Hi Steve -
Thanks a lot for your thorough reply. I've moved forward building the dispatcher
plugin
mentioned below taking your suggestions into account. Things have been working out nicely
until I put the system under load and began to notice some problems keeping up under high
file system loads. I'm wondering if you have any suggestions as to something I may
be
doing wrong. Here's what I'm doing and seeing...
Using a single simple rule like this (at your suggestion):
-a always,exit -F dir=/dir/test/ -F perm=wa
I want to receive events in my dispatcher for all file creates, deletes, etc. in that
folder.
I generated a fairly heavy load with a test program that simply creates a number of
files,
writes some data to the files, then deletes the files in a loop. I started seeing
problems
almost immediately with the kernel backlog being exceeded. I originally suspected that
my
plugin wasn't reading fast enough from audispd, so I removed all plugins from the
dispatcher
(except the built-in af_unix one, which isn't being used) and still see the overloads
in the
system described below. Syslog shows this pattern each time...

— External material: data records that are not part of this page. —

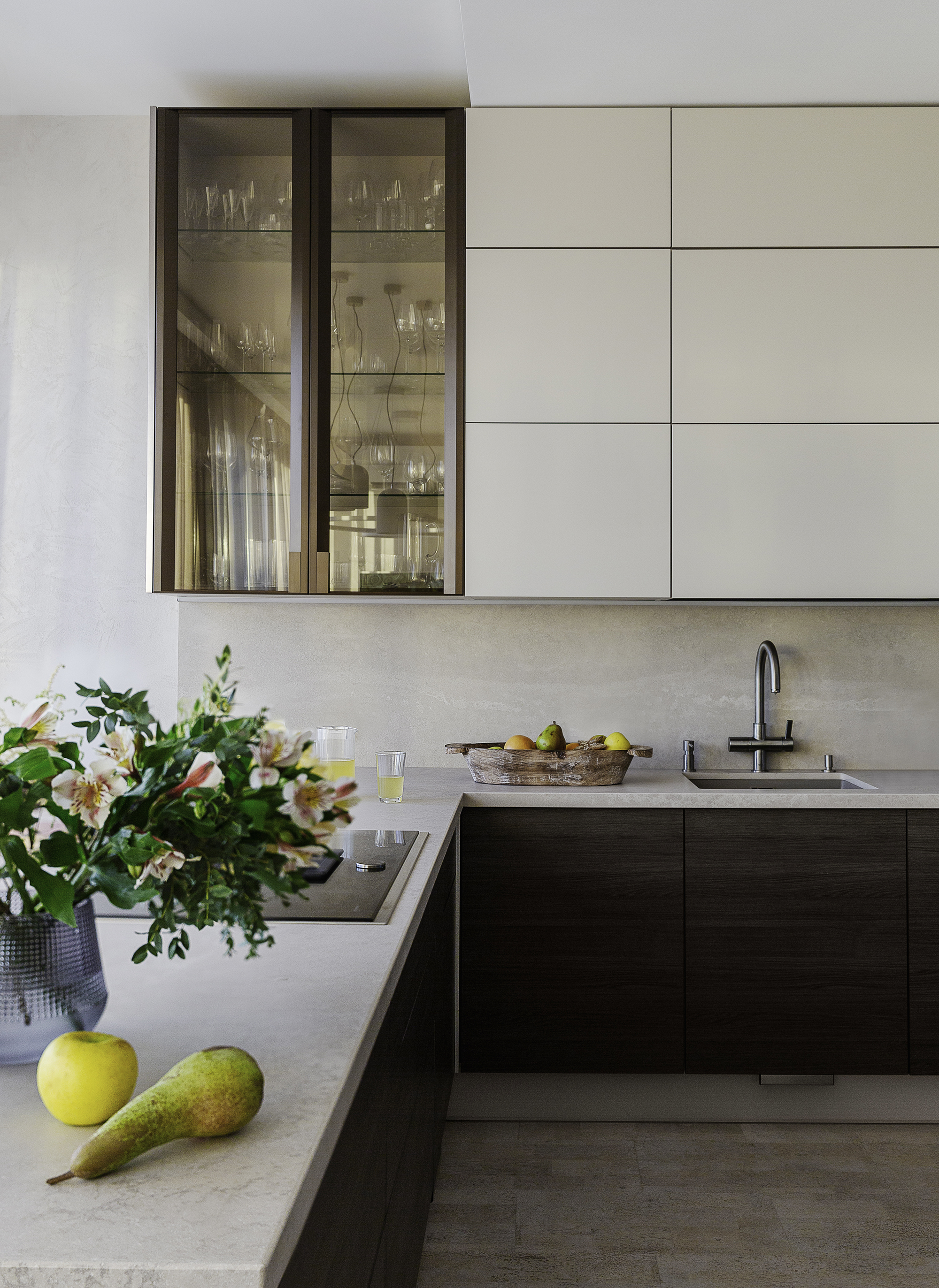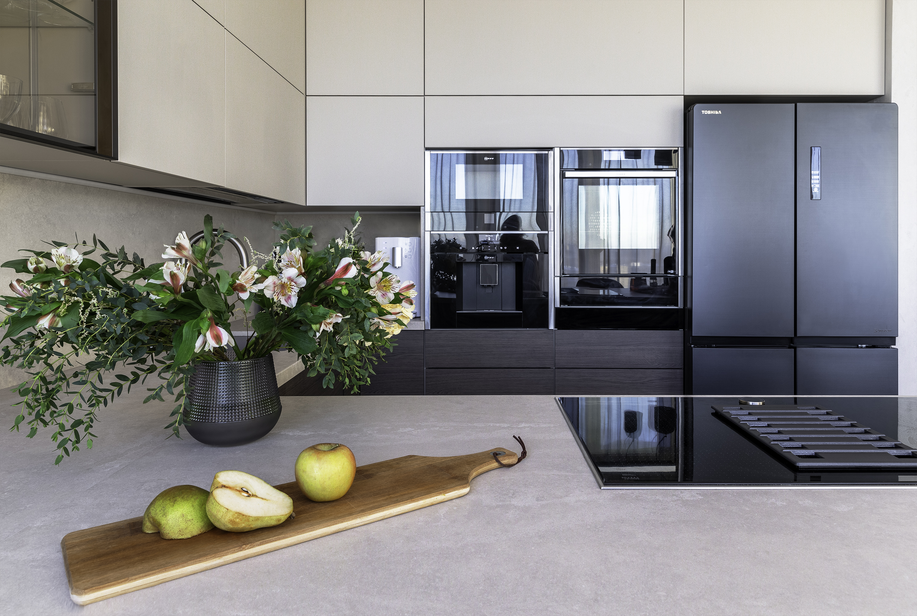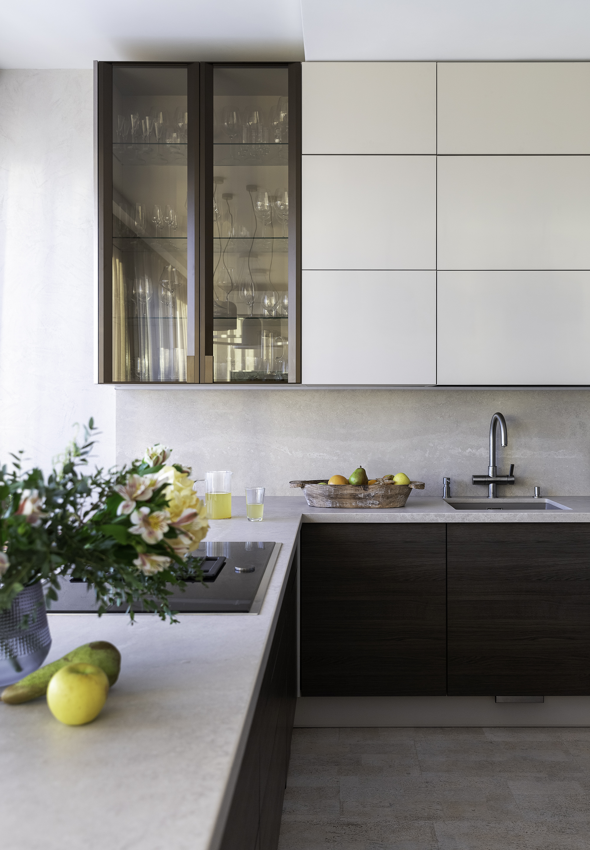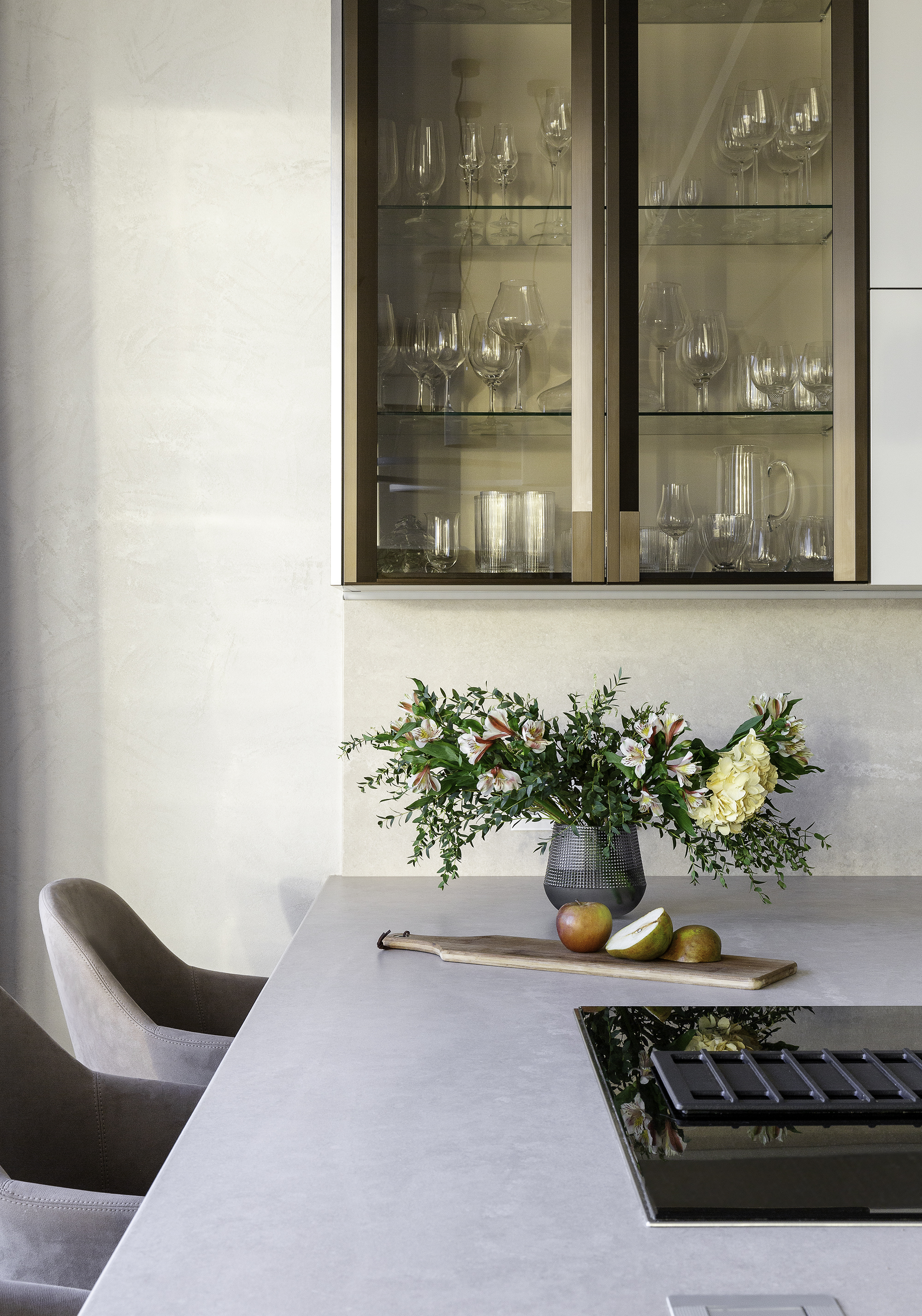 Также на кухне вы не найдете вытяжку, потому что она встроена в варочную поверхность и не нагромождает визуал кухни.
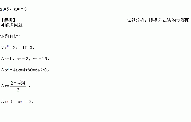 x1=5,x2=﹣3. 【解析】试题分析:根据公式法的步骤即可解决问题 试题解析: ∵x2﹣2x﹣15=0. ∴a=1,b=﹣2,c=﹣15, ∴b2﹣4ac=4+60=64>0, ∴x=, ∴x1=5,x2=﹣3.
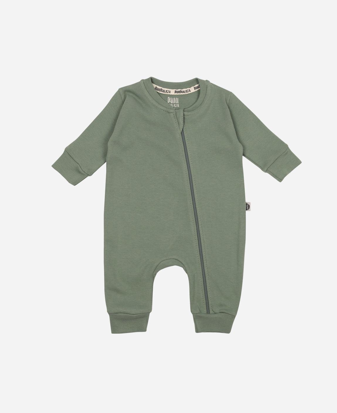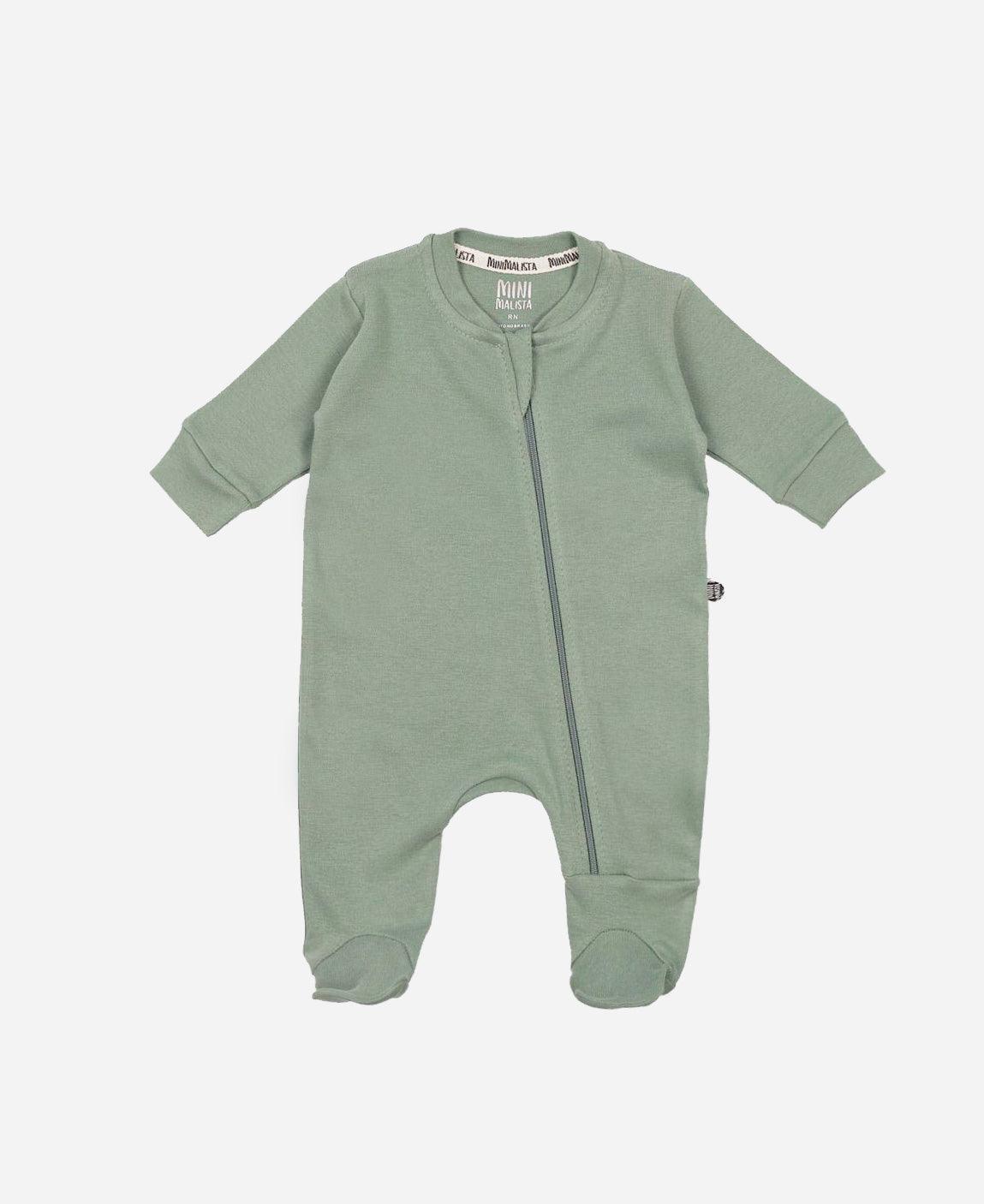 Macacão de Bebê com Zíper e Opção de Pezinho - Cor Verde Sage
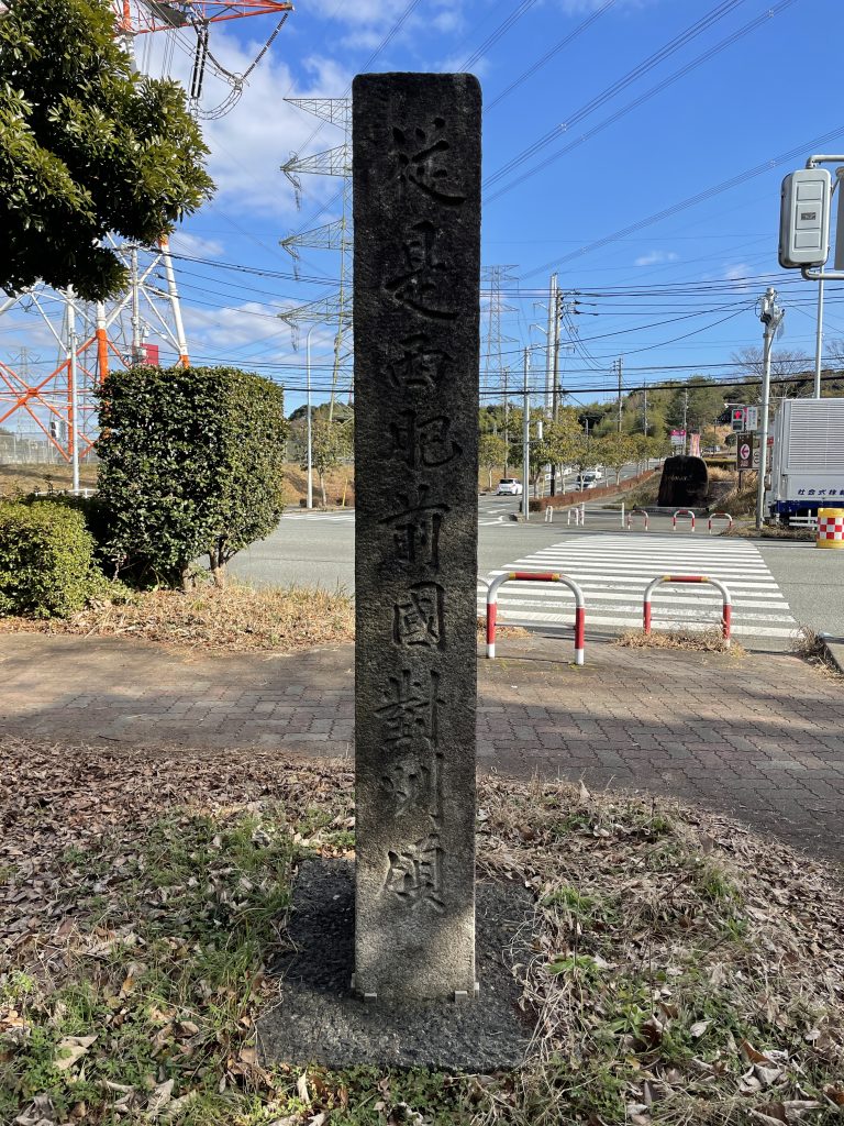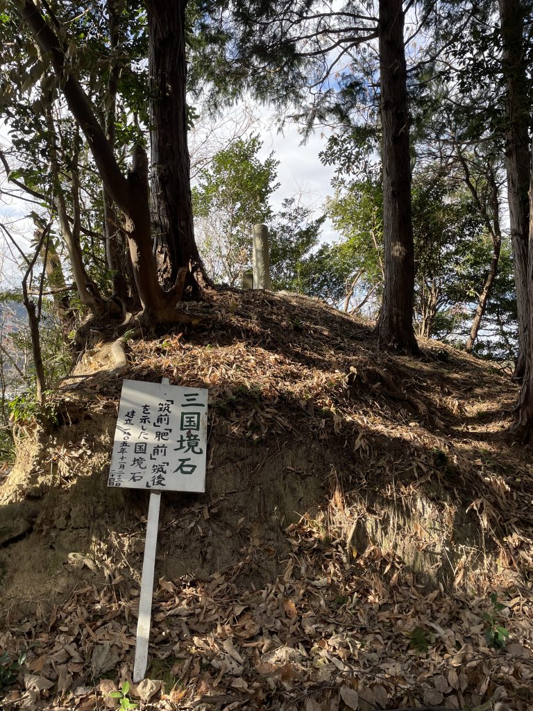 今回訪れたのは長崎街道の原田宿から田代宿へ向かう際に、最初に越えなければならなかった険しい峠道、三国坂です。その名が示す通り、三国坂は筑前・筑後・肥前の国境に位置しており、江戸時代に国境石が建てられました。そして当時の境界線は今もほぼ変わることなく、3つの市・町(筑紫野市・小郡市・基山町)の境界であり続けています。車で国道3号線を走っていれば、福岡県から佐賀県へ入ったとナビが教えてくれる所であり、江戸時代に長崎街道を歩いた人々は筑前から肥前へ入ったと国境石を見て知ったことでしょう。
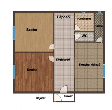 A helyiségek kialakítása, elhelyezkedése nagyon jó!
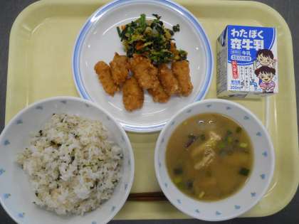 <献立>わかめご飯  いかのかりん揚げ  ごま和え  味噌汁
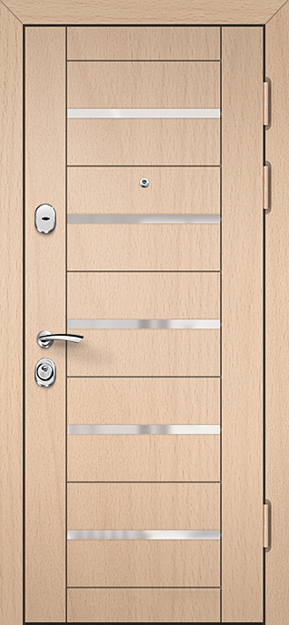 Эта бронированная дверь в современном дизайне №28 станет отличным решением для частного дома, квартиры или офиса, предлагая надежную защиту и стильный внешний вид. Ее конструкция включает каркас из профильной трубы 50х25 мм и металлическое полотно толщиной 2 мм, что обеспечивает прочность и долговечность. Внешняя и внутренняя отделка выполнены из плиты МДФ, придающей двери современный вид и стойкость к механическим повреждениям. Хотя терморазрыв отсутствует, конструкция с терморазрывом коробки и полотна помогает снижать теплопотери. Дополнительную безопасность обеспечивают два замка — сувальдный и цилиндровый, оба с тремя ригелями. В дверь можно добавить зеркало, стеклопакет или кованые элементы, а также установить видеодомофон, что делает эту модель максимально универсальной и индивидуальной. Бронированная дверь в современном дизайне №28 от производителя: быстрое изготовление и монтаж в Щелково, индивидуальные размеры, широкий выбор материалов и фурнитуры, официальная гарантия до 10 лет.
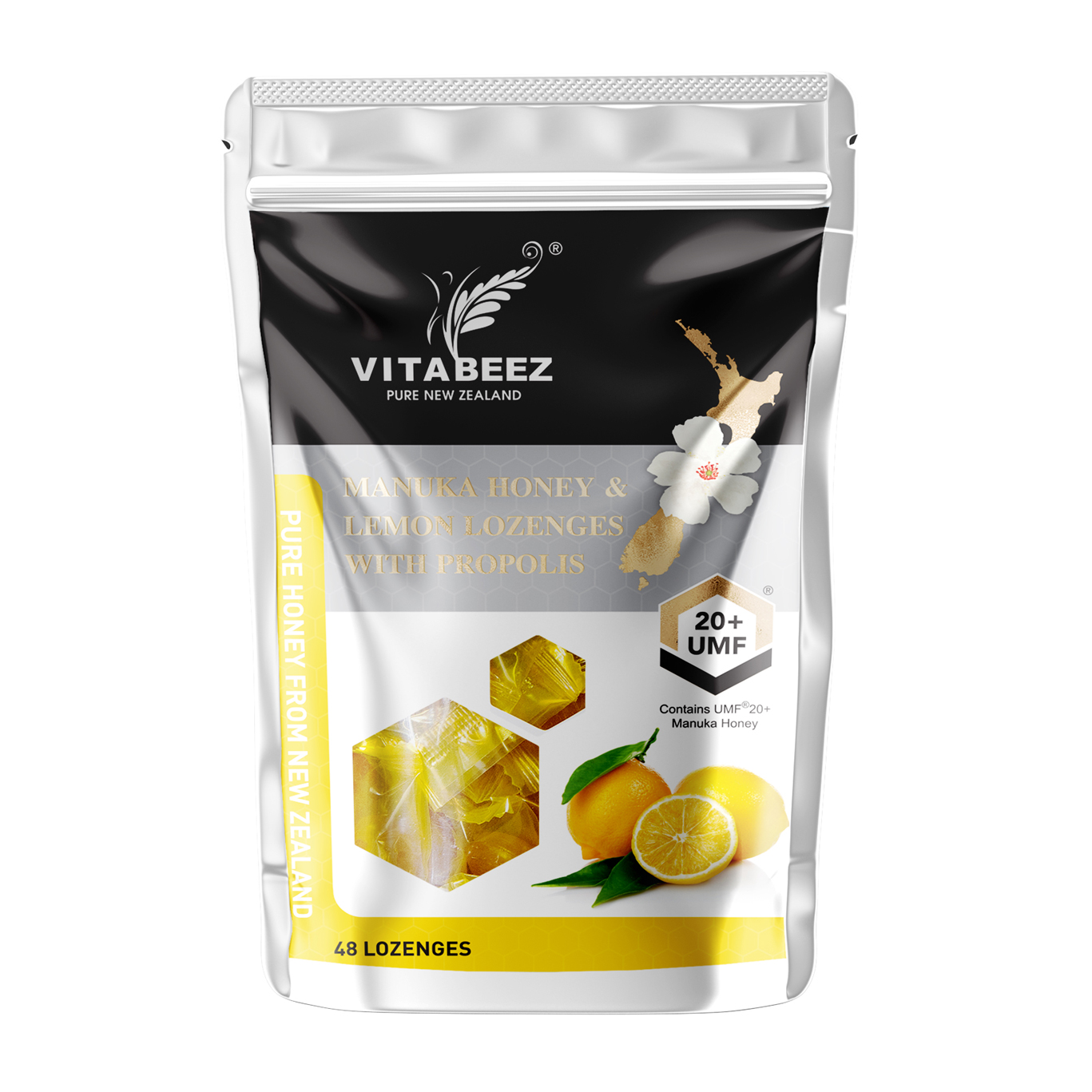 Vitabeez’s Manuka Honey and Lemon Lozenges with Propolis contains the UMF® 20+ manuka honey from the remote manuka bush valleys in New Zealand. UMF Manuka honey has been recognized worldwide for its unique manuka factor.
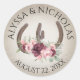 Herraduras y mauve rosa y borgoña Flores rústicas granero favorecen al pegatina con los nombres de novias y novios y fecha boda.
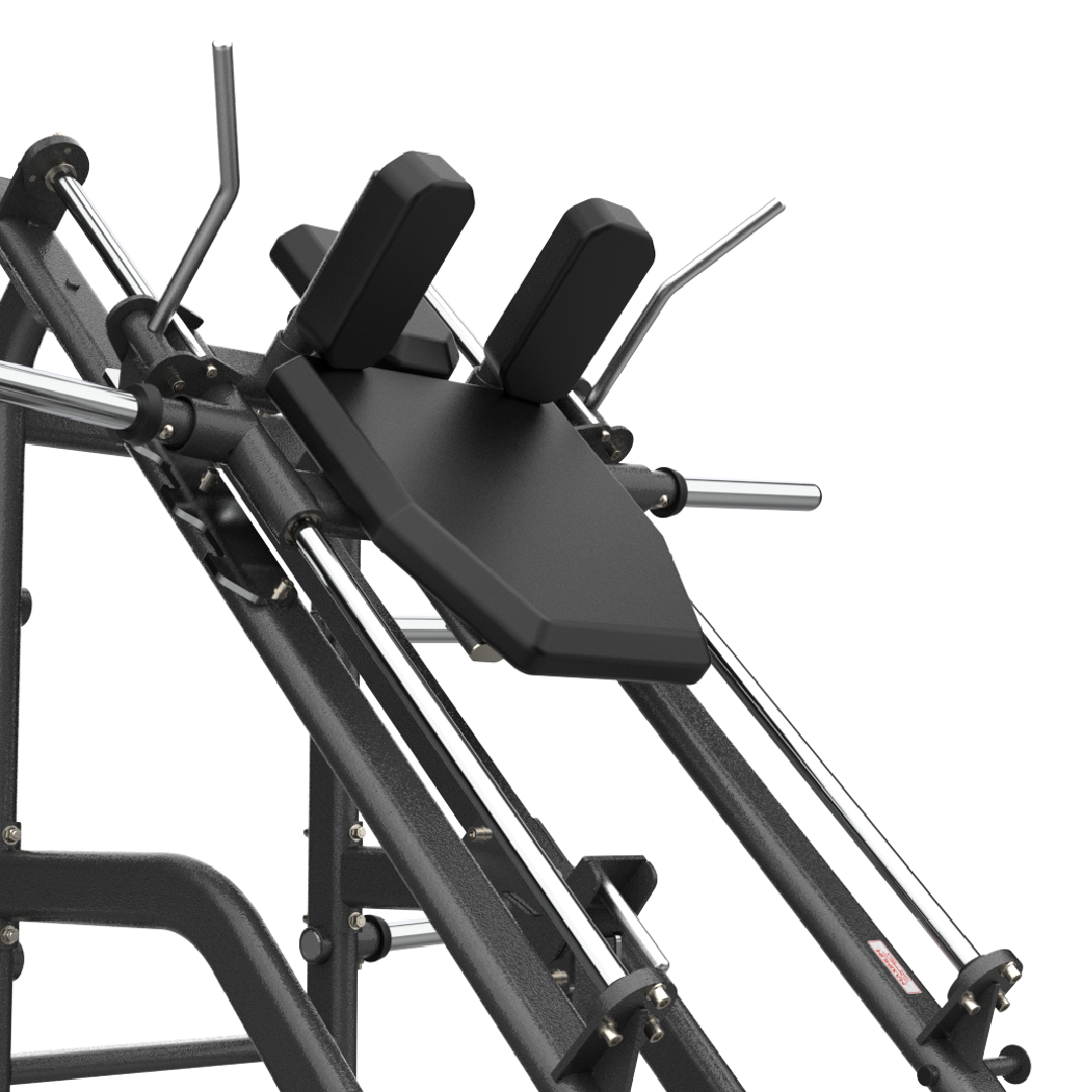 Une construction massive à toute épreuve pour les charges les plus importantes Fabriqué autour d’une structure en acier épais haute résistance avec une base rectangulaire large et renforcée aux multiples pieds massifs et renforts structurels généreux, le IMPACT 036 est conçu pour supporter des charges importantes lors d’une utilisation professionnelle quotidienne intensive. Son architecture de cadre incliné soigneusement calculé garantit une stabilité et une rigidité absolues à chaque répétition, quelle que soit la charge chargée sur les cornières chromées du chariot. Les nombreux boulons et axes chromés visibles sur les jonctions structurelles témoignent d’une attention méticuleuse portée à la solidité de chaque point de la machine.

audispd: audispd initialized with q_depth=10000 and 1 active plugins
...
auditd[24881]: Init complete, auditd 1.7.7 listening for events (startup state enable)
kernel: audit: audit_backlog=4097 > audit_backlog_limit=4096
kernel: audit: audit_lost=697992 audit_rate_limit=0 audit_backlog_limit=4096
kernel: audit: backlog limit exceeded
...
kernel: __ratelimit: 79338 callbacks suppressed
...
out of memory [24881] (note - this is the pid of auditd)
...
kernel: audit: *NO* daemon at audit_pid=0
<some random audit events written to the log by the kernel...>
<auditd and audispd no longer running in ps -ef>
The configuration settings of interest I have in effect are:
(from auditd.conf...)
log_format = NOLOG (disabled log file writing altogether)
priority_boost = 4
disp_qos = lossless
backlog = 4096 (set in audit.rules file)
q_depth = 10000 (audispd.conf)
priority_boost = 4 (audispd.conf)
This is a SUSE 11 x86 box running a 2.6.27.19-5-pae kernel, audit version 1.7.7.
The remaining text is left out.